WORK INSTRUCTION: The answer must consist only of the lines in the records below from the line with "Fotel z tapicerowanym" to the line with "Das ehemalige Bauernhaus", both included, copied word for word with every picture left out.

RECORDS PROVIDED:
+ + + +

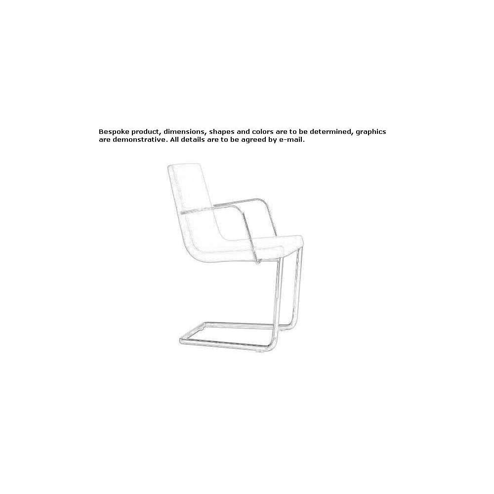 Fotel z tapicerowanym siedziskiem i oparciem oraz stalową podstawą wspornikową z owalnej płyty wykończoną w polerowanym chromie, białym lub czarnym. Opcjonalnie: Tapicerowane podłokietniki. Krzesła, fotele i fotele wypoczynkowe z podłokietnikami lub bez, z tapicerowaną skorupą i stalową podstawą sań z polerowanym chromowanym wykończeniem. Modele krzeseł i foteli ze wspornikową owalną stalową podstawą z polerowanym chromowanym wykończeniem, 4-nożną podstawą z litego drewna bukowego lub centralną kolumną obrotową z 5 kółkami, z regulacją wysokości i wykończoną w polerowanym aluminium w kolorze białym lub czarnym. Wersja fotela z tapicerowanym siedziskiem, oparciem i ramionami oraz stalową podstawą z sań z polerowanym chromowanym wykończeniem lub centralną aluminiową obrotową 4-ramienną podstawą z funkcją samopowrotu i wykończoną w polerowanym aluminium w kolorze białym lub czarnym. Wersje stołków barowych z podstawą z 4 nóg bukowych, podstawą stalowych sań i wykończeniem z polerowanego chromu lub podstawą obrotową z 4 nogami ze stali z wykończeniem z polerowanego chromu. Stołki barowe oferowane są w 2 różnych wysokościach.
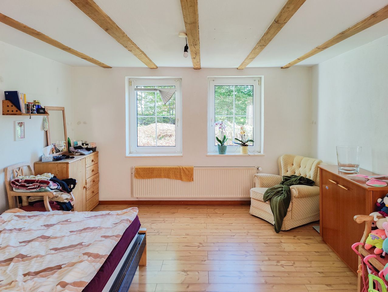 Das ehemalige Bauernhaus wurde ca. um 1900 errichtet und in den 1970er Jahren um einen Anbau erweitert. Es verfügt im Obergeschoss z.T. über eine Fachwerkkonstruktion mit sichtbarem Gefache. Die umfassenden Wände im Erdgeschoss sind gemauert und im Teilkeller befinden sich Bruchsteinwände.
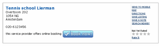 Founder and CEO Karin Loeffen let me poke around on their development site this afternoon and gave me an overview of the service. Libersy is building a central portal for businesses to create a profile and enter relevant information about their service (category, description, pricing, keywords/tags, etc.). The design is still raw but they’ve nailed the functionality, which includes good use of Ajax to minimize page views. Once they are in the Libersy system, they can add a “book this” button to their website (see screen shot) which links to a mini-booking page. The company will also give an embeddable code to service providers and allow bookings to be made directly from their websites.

+ + + +

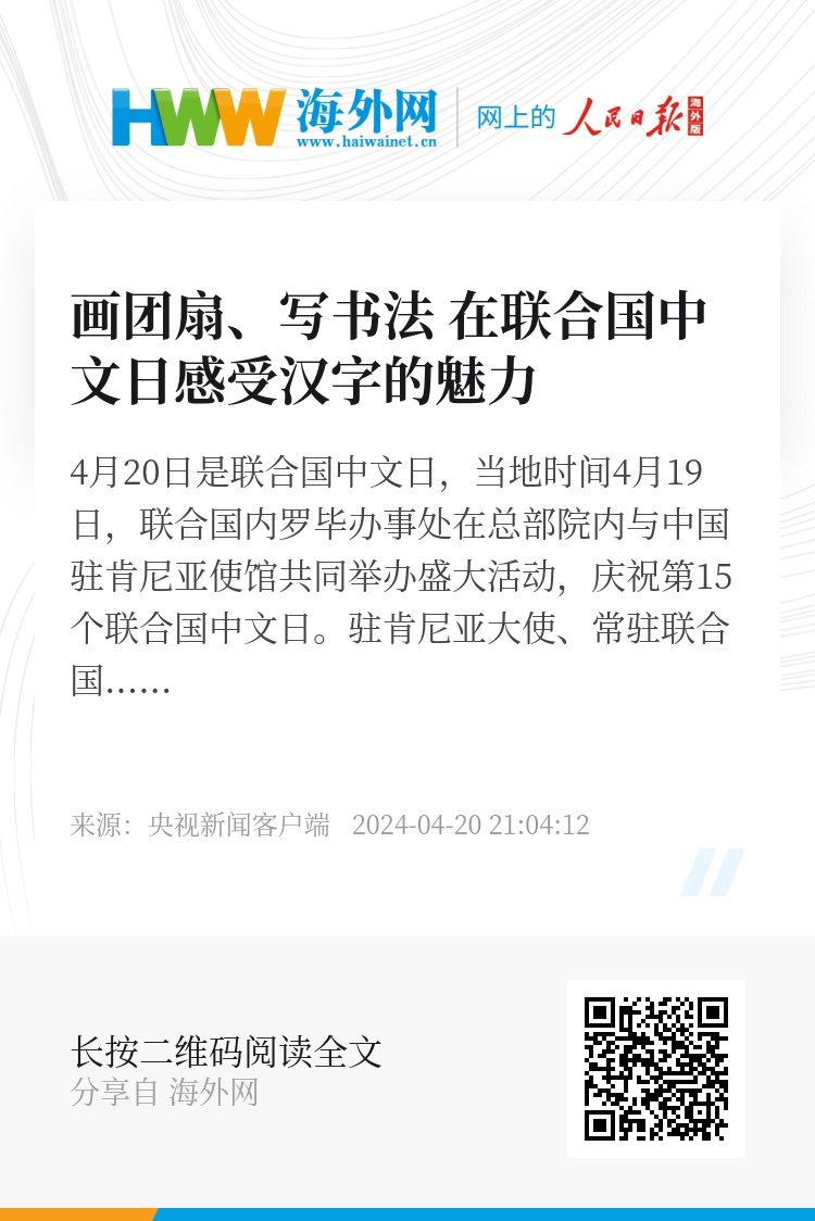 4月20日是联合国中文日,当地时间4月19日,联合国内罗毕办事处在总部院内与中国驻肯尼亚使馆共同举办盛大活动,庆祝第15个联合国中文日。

+ + + +

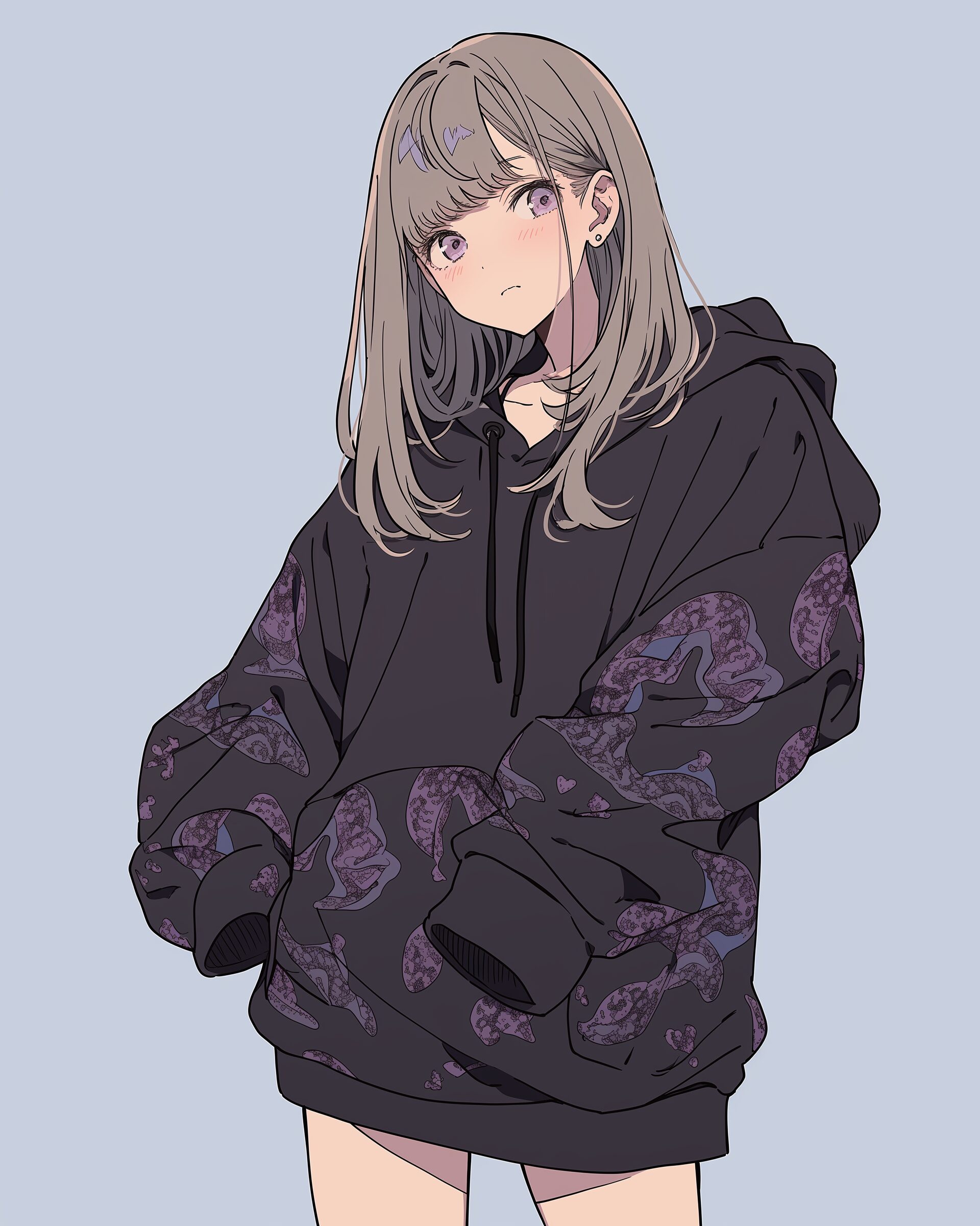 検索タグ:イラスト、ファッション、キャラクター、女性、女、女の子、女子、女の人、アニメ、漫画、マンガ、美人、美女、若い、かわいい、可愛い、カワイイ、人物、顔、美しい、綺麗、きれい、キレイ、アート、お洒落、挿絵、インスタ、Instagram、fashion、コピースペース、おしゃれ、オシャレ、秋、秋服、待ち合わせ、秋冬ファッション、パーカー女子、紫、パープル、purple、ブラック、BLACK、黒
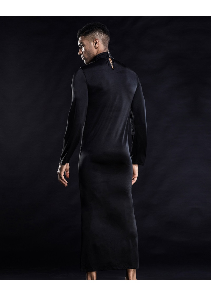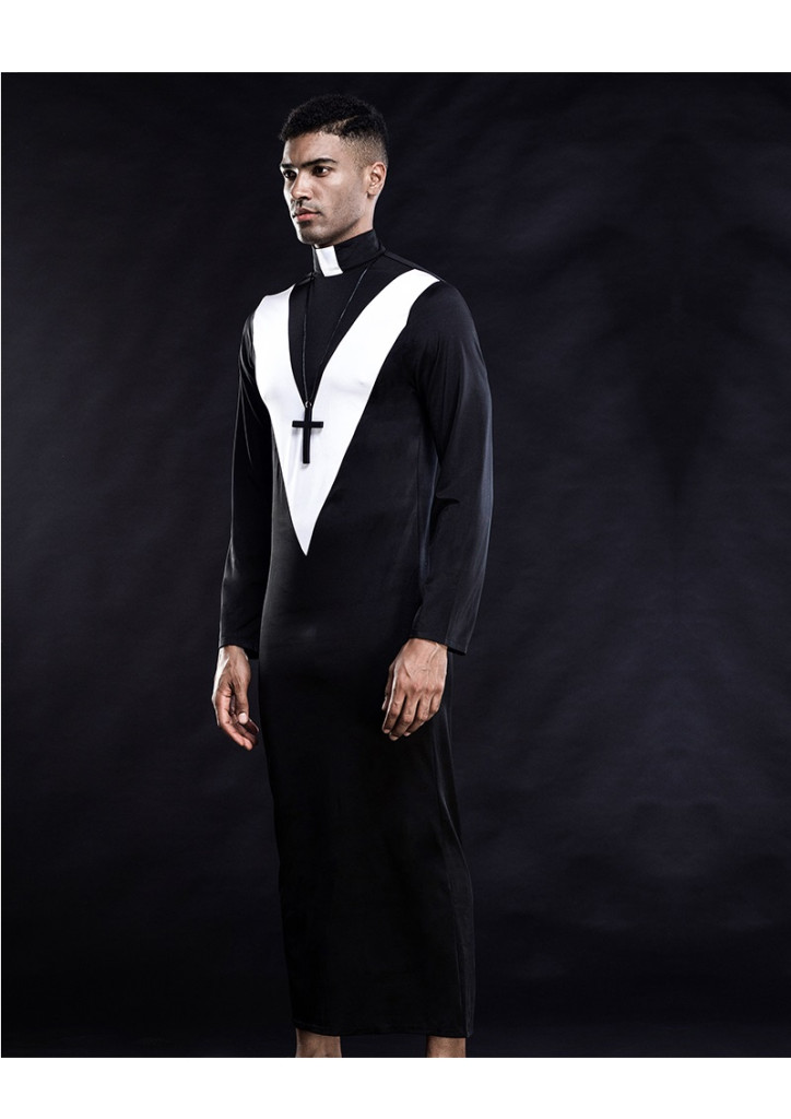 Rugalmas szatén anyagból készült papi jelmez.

+ + + +

WRITTEN ANSWER:
 Fotel z tapicerowanym siedziskiem i oparciem oraz stalową podstawą wspornikową z owalnej płyty wykończoną w polerowanym chromie, białym lub czarnym. Opcjonalnie: Tapicerowane podłokietniki. Krzesła, fotele i fotele wypoczynkowe z podłokietnikami lub bez, z tapicerowaną skorupą i stalową podstawą sań z polerowanym chromowanym wykończeniem. Modele krzeseł i foteli ze wspornikową owalną stalową podstawą z polerowanym chromowanym wykończeniem, 4-nożną podstawą z litego drewna bukowego lub centralną kolumną obrotową z 5 kółkami, z regulacją wysokości i wykończoną w polerowanym aluminium w kolorze białym lub czarnym. Wersja fotela z tapicerowanym siedziskiem, oparciem i ramionami oraz stalową podstawą z sań z polerowanym chromowanym wykończeniem lub centralną aluminiową obrotową 4-ramienną podstawą z funkcją samopowrotu i wykończoną w polerowanym aluminium w kolorze białym lub czarnym. Wersje stołków barowych z podstawą z 4 nóg bukowych, podstawą stalowych sań i wykończeniem z polerowanego chromu lub podstawą obrotową z 4 nogami ze stali z wykończeniem z polerowanego chromu. Stołki barowe oferowane są w 2 różnych wysokościach.
 Das ehemalige Bauernhaus wurde ca. um 1900 errichtet und in den 1970er Jahren um einen Anbau erweitert. Es verfügt im Obergeschoss z.T. über eine Fachwerkkonstruktion mit sichtbarem Gefache. Die umfassenden Wände im Erdgeschoss sind gemauert und im Teilkeller befinden sich Bruchsteinwände.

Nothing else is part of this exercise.